## ASSIGNMENT
Your task is to retype, word for word, the lines from the start of the data through the line holding "男生手臂上黑灰点刺几何简单线条扳手工具纹身图片". Do not include the pictures.

Stored data entries:
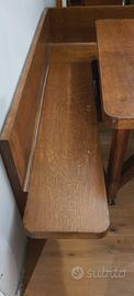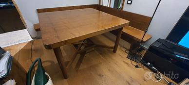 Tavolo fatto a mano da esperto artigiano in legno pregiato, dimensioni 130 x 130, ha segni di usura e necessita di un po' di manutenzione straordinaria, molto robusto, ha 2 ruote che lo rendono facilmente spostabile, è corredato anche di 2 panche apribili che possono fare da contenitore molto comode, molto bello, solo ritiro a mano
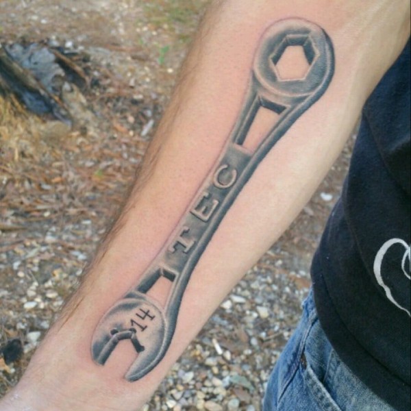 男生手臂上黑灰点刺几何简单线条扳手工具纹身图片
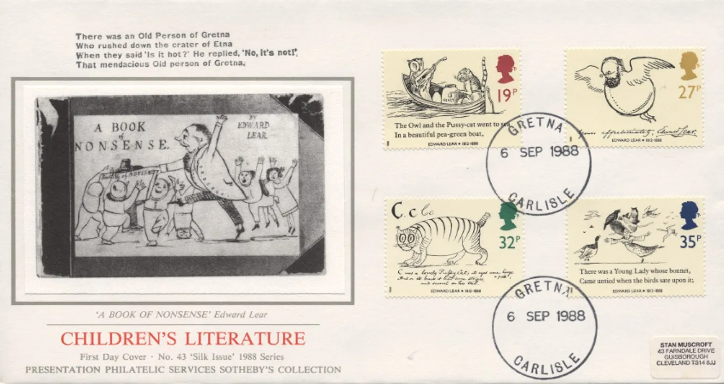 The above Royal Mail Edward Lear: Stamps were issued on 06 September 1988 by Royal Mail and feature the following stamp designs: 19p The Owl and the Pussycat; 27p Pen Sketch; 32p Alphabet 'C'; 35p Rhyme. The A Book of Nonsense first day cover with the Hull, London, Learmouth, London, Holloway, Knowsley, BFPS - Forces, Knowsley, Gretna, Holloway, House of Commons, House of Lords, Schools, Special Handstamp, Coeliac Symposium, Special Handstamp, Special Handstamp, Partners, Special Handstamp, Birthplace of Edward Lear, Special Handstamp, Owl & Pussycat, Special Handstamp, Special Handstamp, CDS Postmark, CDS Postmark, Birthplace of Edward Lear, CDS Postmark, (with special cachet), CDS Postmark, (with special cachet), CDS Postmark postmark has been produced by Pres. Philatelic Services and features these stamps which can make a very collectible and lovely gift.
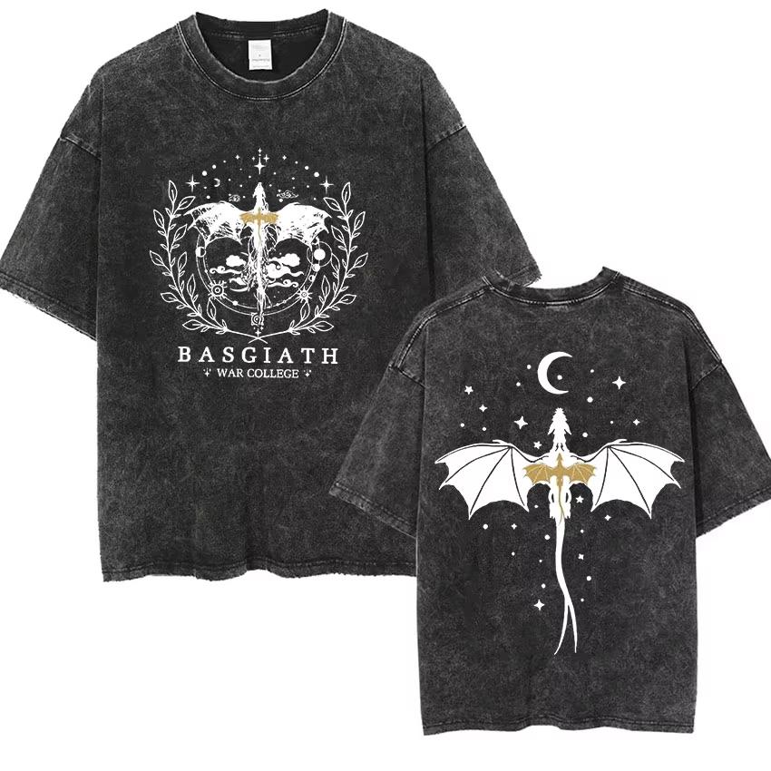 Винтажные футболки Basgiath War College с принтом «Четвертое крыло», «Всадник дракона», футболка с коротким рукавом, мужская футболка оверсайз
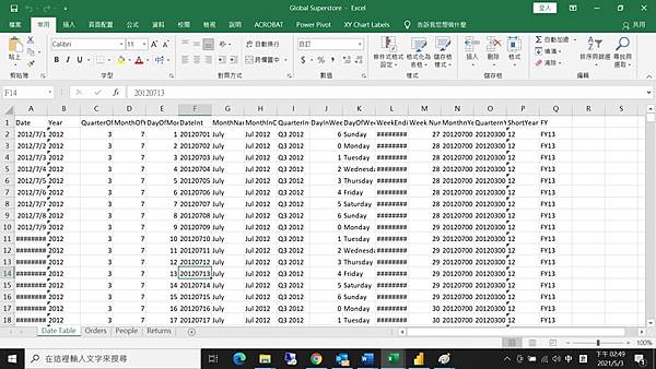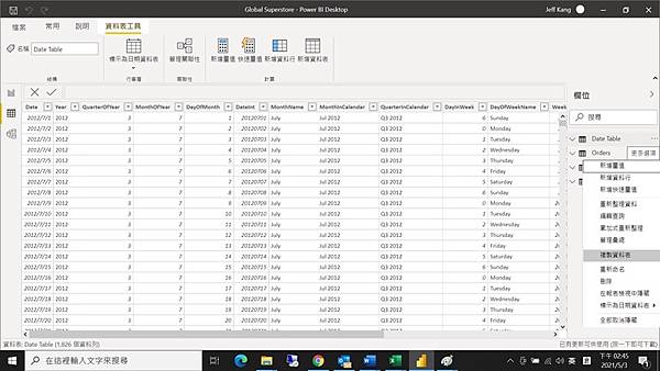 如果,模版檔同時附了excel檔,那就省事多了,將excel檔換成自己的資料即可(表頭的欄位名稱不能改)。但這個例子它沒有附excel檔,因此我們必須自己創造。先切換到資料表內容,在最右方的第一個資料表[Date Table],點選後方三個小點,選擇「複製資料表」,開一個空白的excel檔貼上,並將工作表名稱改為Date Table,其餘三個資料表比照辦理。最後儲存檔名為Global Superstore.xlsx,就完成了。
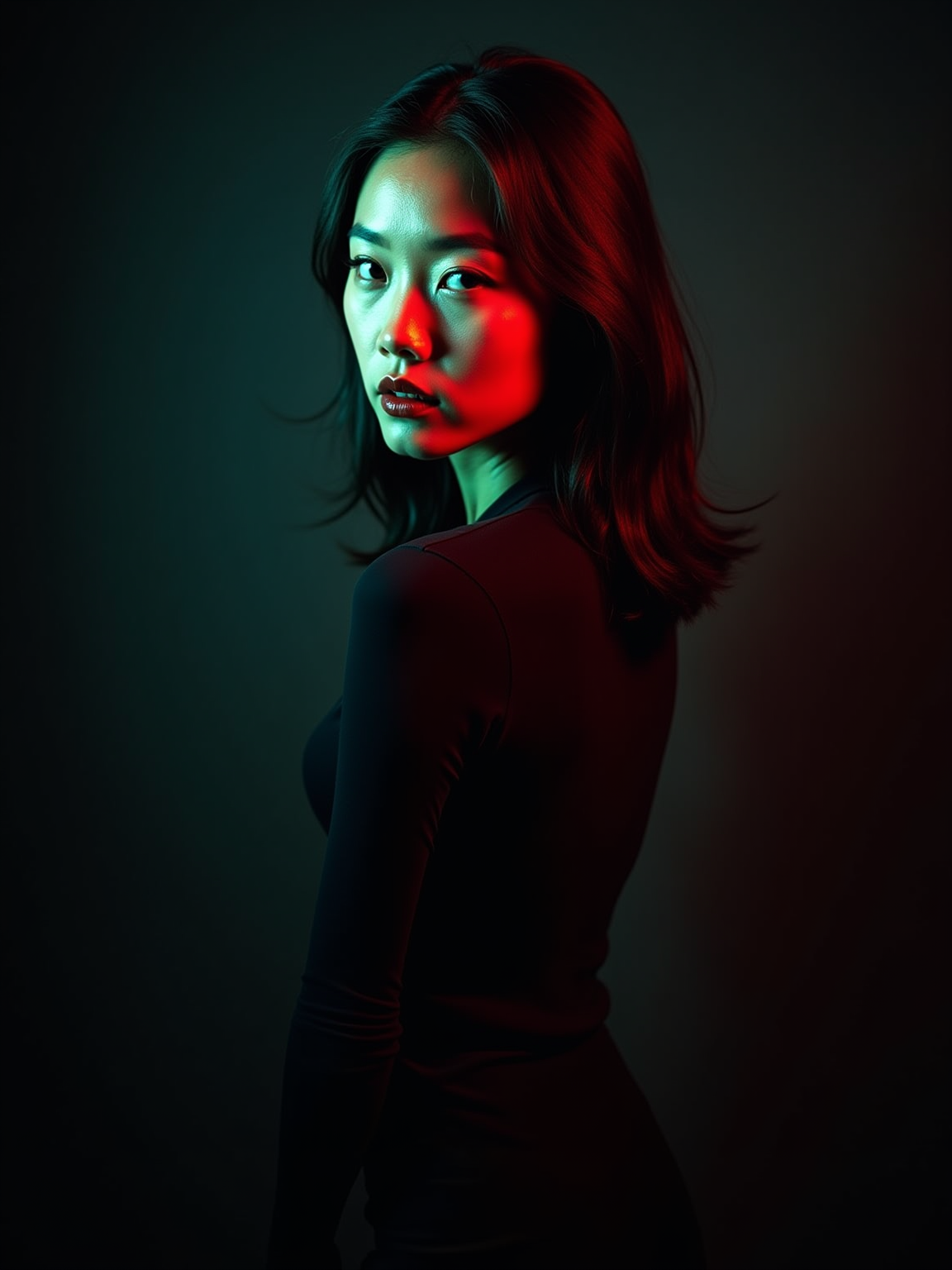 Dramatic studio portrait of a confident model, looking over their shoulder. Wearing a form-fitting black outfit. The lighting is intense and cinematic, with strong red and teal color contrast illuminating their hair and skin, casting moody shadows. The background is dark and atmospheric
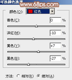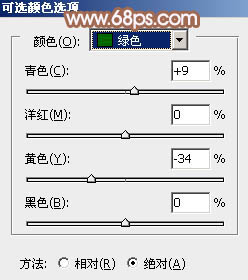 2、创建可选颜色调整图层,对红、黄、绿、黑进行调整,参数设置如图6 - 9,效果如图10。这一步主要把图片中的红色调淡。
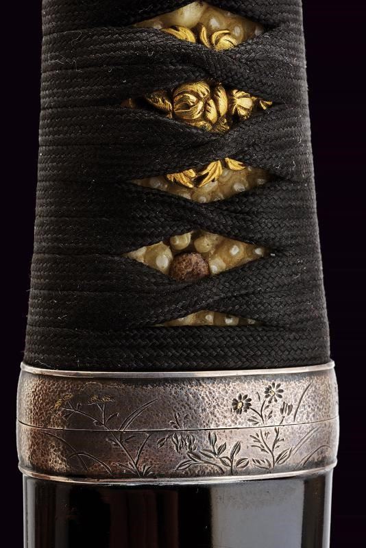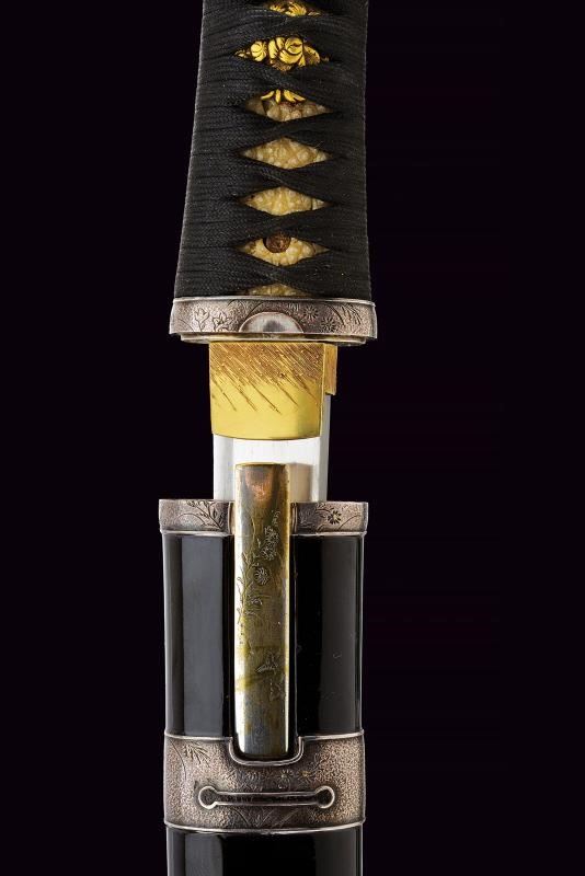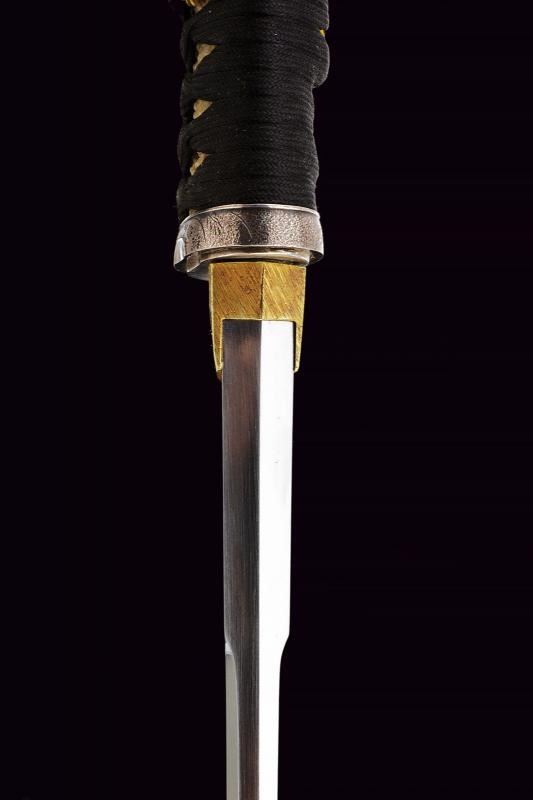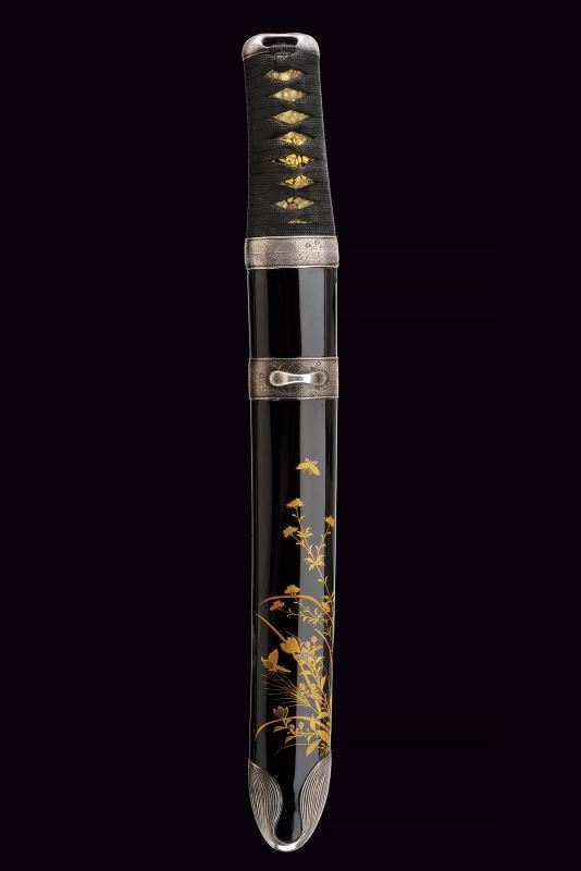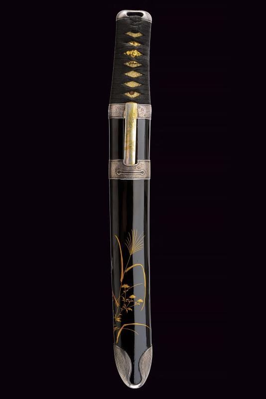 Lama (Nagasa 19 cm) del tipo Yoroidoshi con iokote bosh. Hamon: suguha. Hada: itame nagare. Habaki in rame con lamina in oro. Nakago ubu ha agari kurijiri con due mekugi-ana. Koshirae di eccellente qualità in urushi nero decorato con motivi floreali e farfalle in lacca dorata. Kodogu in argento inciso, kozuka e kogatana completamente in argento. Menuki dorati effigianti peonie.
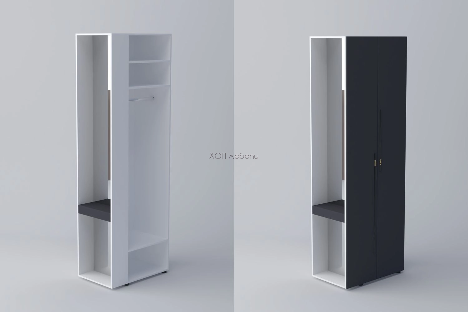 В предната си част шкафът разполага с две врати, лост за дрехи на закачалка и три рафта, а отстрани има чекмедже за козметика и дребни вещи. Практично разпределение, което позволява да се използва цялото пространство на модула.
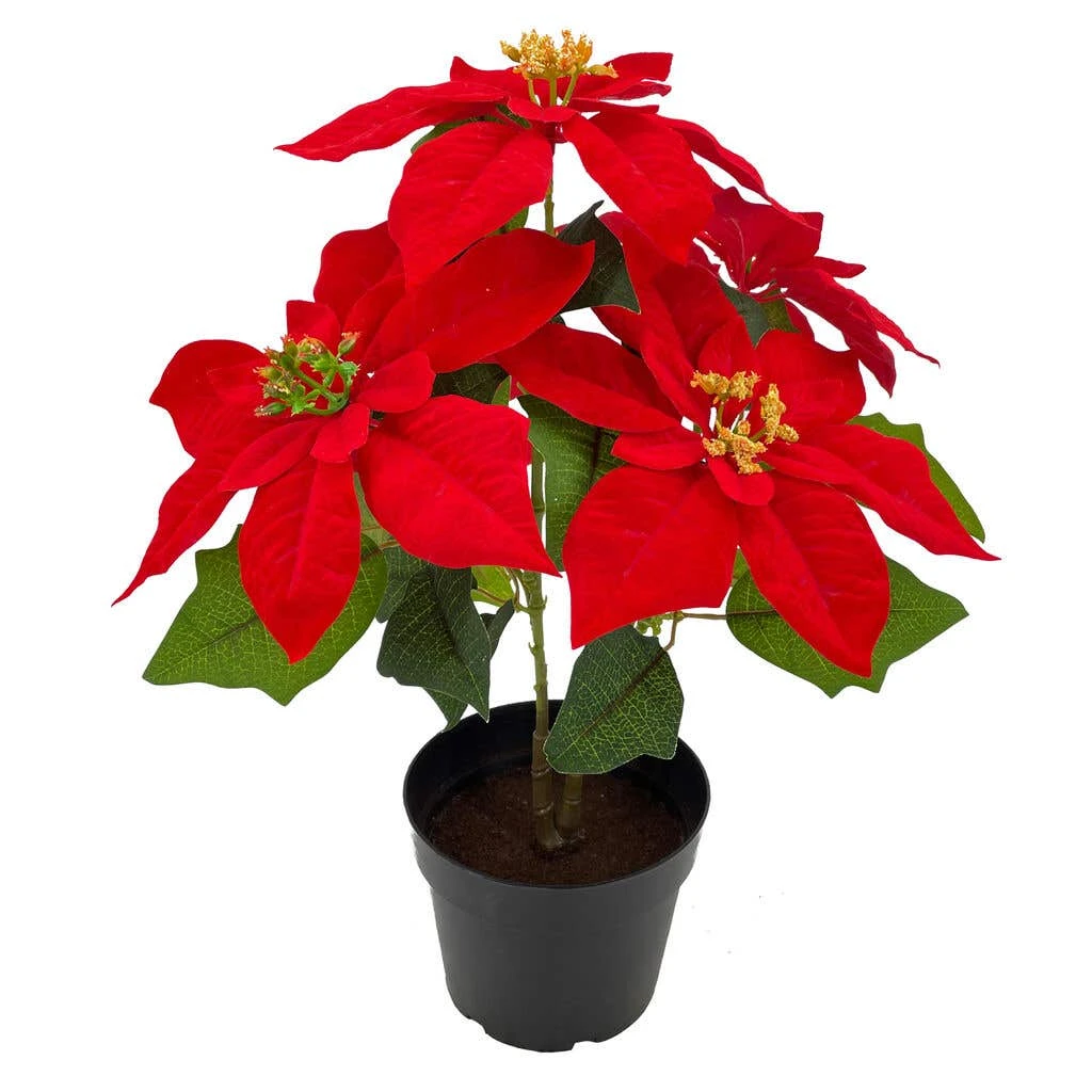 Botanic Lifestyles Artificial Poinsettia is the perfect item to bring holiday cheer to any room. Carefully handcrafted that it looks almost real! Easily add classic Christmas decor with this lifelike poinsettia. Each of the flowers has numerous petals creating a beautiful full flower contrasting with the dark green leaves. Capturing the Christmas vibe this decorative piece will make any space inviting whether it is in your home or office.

## RESPONSE
 Tavolo fatto a mano da esperto artigiano in legno pregiato, dimensioni 130 x 130, ha segni di usura e necessita di un po' di manutenzione straordinaria, molto robusto, ha 2 ruote che lo rendono facilmente spostabile, è corredato anche di 2 panche apribili che possono fare da contenitore molto comode, molto bello, solo ritiro a mano
 男生手臂上黑灰点刺几何简单线条扳手工具纹身图片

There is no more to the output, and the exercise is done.